* What is being asked: Your job is to print, exactly, the lines in the data below from the line with "Acest set de" through the line with "24.11.24-11:38 | Fossy | |", both included, and to omit any picture.

* Extracted entries:

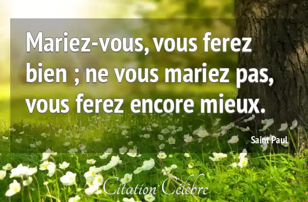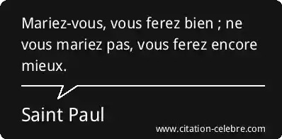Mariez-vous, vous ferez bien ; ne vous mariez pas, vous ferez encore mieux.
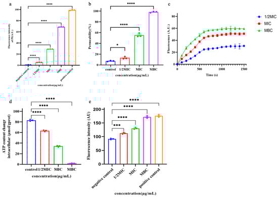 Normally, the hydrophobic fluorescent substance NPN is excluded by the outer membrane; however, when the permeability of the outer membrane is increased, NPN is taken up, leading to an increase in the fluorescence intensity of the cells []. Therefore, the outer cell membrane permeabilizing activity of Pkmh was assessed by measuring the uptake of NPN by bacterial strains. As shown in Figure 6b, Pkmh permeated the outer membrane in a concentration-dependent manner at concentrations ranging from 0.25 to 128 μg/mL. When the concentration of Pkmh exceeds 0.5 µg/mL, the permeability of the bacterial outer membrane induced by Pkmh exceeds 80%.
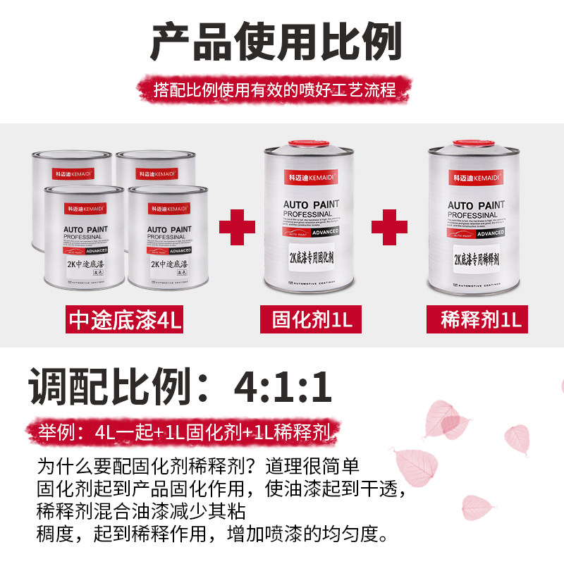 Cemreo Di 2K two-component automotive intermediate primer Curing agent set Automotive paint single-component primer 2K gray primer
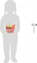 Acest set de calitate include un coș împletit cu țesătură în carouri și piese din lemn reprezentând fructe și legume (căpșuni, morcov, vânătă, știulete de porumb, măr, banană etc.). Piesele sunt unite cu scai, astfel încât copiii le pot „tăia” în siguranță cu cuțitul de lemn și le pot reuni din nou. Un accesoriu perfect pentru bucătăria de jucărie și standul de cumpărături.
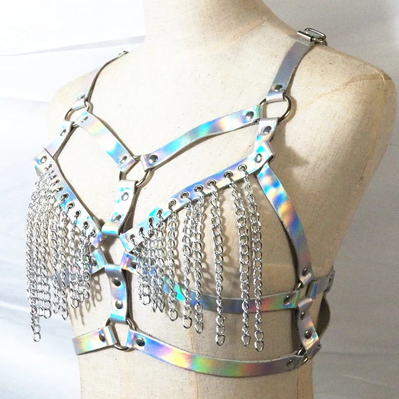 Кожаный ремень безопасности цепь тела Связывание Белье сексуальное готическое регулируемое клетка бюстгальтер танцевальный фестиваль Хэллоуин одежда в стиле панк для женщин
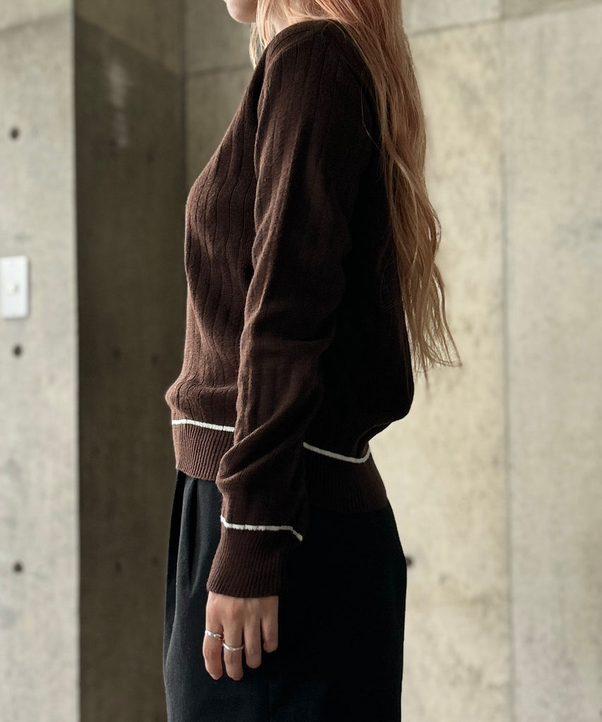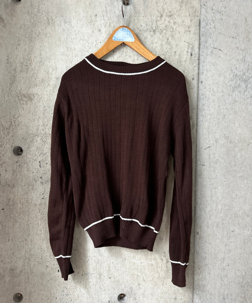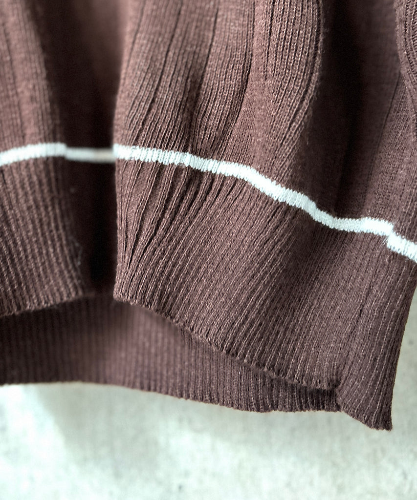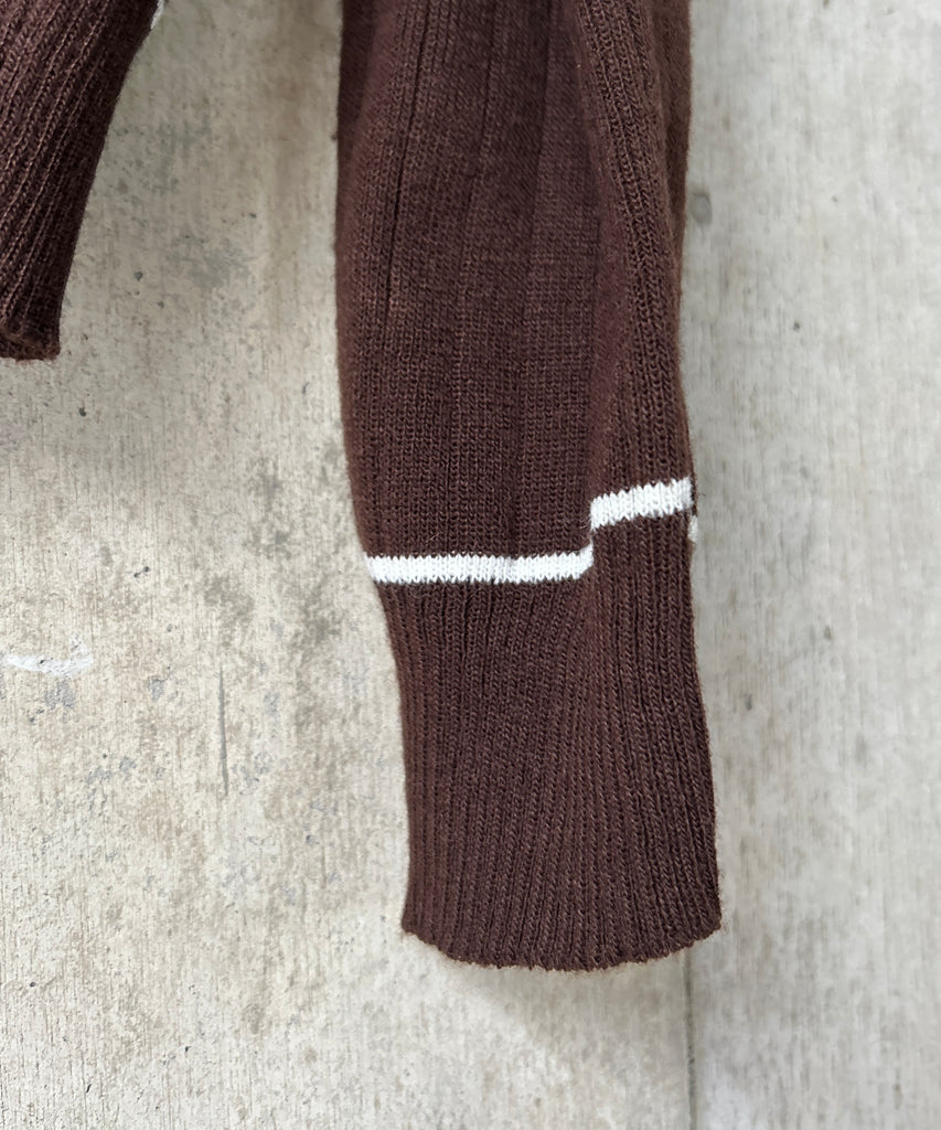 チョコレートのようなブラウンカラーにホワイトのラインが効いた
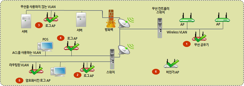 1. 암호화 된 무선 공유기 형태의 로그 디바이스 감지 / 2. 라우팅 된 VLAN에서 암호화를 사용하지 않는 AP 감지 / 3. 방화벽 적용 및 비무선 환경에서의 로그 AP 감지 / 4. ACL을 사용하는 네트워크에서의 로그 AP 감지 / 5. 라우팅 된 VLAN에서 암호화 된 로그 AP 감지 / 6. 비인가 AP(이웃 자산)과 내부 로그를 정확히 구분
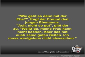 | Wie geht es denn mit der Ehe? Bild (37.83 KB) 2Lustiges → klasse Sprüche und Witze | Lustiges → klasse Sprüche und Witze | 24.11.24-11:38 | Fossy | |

...

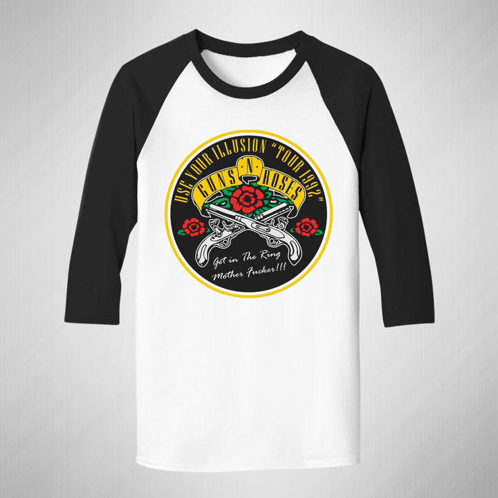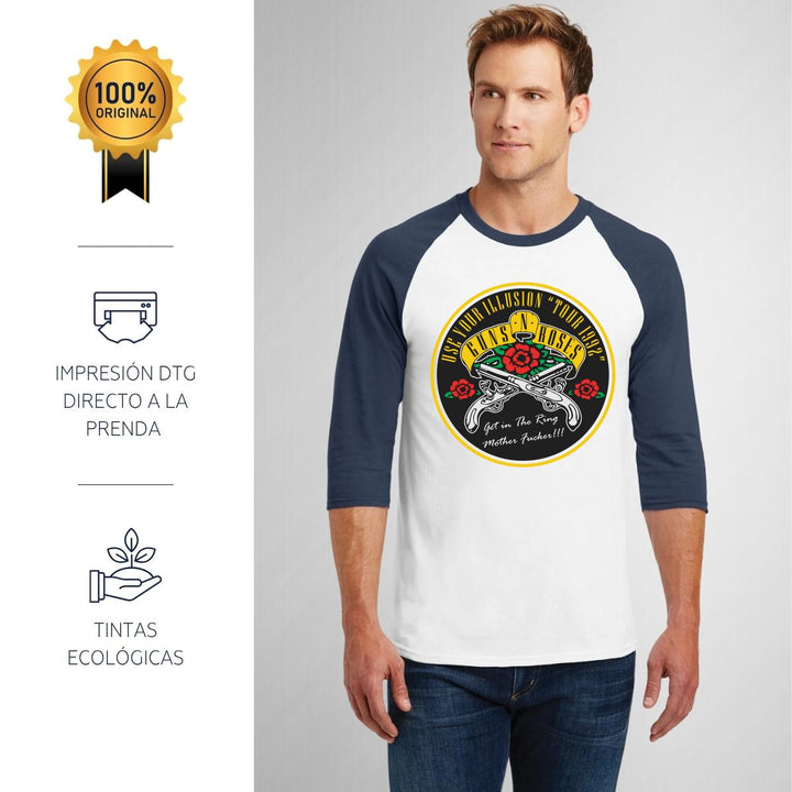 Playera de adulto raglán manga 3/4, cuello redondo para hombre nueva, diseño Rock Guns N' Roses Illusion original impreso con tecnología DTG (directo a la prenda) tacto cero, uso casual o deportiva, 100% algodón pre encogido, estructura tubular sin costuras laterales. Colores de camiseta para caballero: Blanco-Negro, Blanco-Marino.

* Answer for this exercise:
 Acest set de calitate include un coș împletit cu țesătură în carouri și piese din lemn reprezentând fructe și legume (căpșuni, morcov, vânătă, știulete de porumb, măr, banană etc.). Piesele sunt unite cu scai, astfel încât copiii le pot „tăia” în siguranță cu cuțitul de lemn și le pot reuni din nou. Un accesoriu perfect pentru bucătăria de jucărie și standul de cumpărături.
 Кожаный ремень безопасности цепь тела Связывание Белье сексуальное готическое регулируемое клетка бюстгальтер танцевальный фестиваль Хэллоуин одежда в стиле панк для женщин
 チョコレートのようなブラウンカラーにホワイトのラインが効いた
 1. 암호화 된 무선 공유기 형태의 로그 디바이스 감지 / 2. 라우팅 된 VLAN에서 암호화를 사용하지 않는 AP 감지 / 3. 방화벽 적용 및 비무선 환경에서의 로그 AP 감지 / 4. ACL을 사용하는 네트워크에서의 로그 AP 감지 / 5. 라우팅 된 VLAN에서 암호화 된 로그 AP 감지 / 6. 비인가 AP(이웃 자산)과 내부 로그를 정확히 구분
 | Wie geht es denn mit der Ehe? Bild (37.83 KB) 2Lustiges → klasse Sprüche und Witze | Lustiges → klasse Sprüche und Witze | 24.11.24-11:38 | Fossy | |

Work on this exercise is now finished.